First, the good news for non-Tidal subscribers: 4:44 will not be gated to the platform indefinitely. A source told Billboard that the album is expected to arrive on Apple Music and iTunes next week. A physical release is also planned, but the source gave no timeline for that project. Until then, 4:44 will continue to receive radio airplay. Since the release date, the album got a showcase on 160 iHeartRadio stations
Second, the not-so-good news for Tidal and Jay-Z. According to MUSO, 4:44 was pirated 971,196 times in the 72 hours since its release. Over half (56%) of the illegal downloads happened in the U.S. It’s impossible to make a definitive argument that exclusivity played a part in that high number. Any highly-anticipated work often shows a higher rate of piracy. But we have noticed that exclusives are frequently tied to large piracy rates, and that’s a trend for all parties in the music industry to be aware of.
Finally, it’s worth noting what a backlash the exclusive move created. Jay-Z is a true icon, and many, many people wanted to hear the new work as soon as possible. Even fellow performers such as Snoop Dogg and Mark Ronson have been publicly disgruntled about 4:44’s restricted availability.

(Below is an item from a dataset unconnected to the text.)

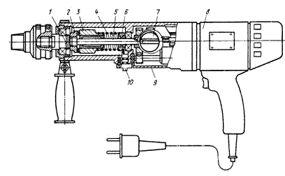 Электрические ломы предназначены для разрушения бетона, железобетона, кирпичной кладки, асфальтобетона, каменистого и мерзлого грунтов. Они аналогичны по конструкции электрическим молоткам и отличаются от них энергией удара и мощностью приводного электродвигателя. Энергия удара лома не менее 40 Дж, частота ударов 19...20 Гц. Электрические и электромагнитные перфораторы представляют собой универсальные машины многоцелевого назначения, которые предназначены для прорезки отверстий и проемов в междуэтажных перекрытиях и перегородках зданий при монтаже трубопроводов и вентиляционных систем, для пробивки борозд (штраб) для скрытой проводки и очистки поверхностей в конструкциях из искусственных и естественных строительных материалов, разрушения горных пород, а также сверления отверстий в различных материалах, установки дюбелей, завинчивания винтов и шурупов, рубки металла, обработки дерева и других работ. Перфораторы отличаются от молотков тем, что кроме ударного узла имеют механизм вращения сменного рабочего инструмента — бура, сверла, отвертки и др. Различают перфораторы электрические и электромагнитные. Конструкция и принцип действия ударных механизмов соответственно у электрических и электромагнитных молотков и перфораторов аналогичны. Для выполнения различных технологических операций перфораторы комплектуются сменными рабочими инструментами, обеспечивающими их универсальность: шнековыми бурами, буровыми коронками, пиками, ломами, штрабниками, бучардами, зубилами, сверлами различных типов по металлу и дереву, зенкерами, топориками и стамесками для обработки дерева, приспособлениями для забивки дюбелей, завинчивания винтов и шурупов и др. Электрические перфораторы предназначены для работы в ударном, ударно-вращательном, вращательном режимах, а также в режиме винтоверта. Промышленность выпускает три модели электрических перфораторов с энергией удара 1...2 Дж, которые имеют единые конструктивные схемы и принцип работы и максимально унифицированы. Рассмотрим конструкцию и принцип действия электрических перфораторов (рис. 8.13). От однофазного коллекторного электродвигателя 9 с вентилятором приводятся в действие компрессионно-вакуумный, ударный и вращательный механизмы, помещенные в алюминиевом стволе с виброизоляцией. Корпус электродвигателя — пластмассовый и выполнен заодно с основной рукояткой 10 пистолетного типа, в которую вмонтированы выключатель 11, устройство для подавления радиопомех и кабельный ввод.

Those reactions show how fine a line artists have to walk when pursuing alternate distribution paths. A large fan base is usually critical to still being successful with an exclusive or windowed album release. Taylor Swift’s exit from free streaming wouldn’t have been nearly powerful without the support of her millions of fans. But limiting access can also alienate those same fans, who might feel betrayed at being shut out if they can’t afford or simply don’t want to maintain subscriptions to all the different streaming platforms that have exclusive content.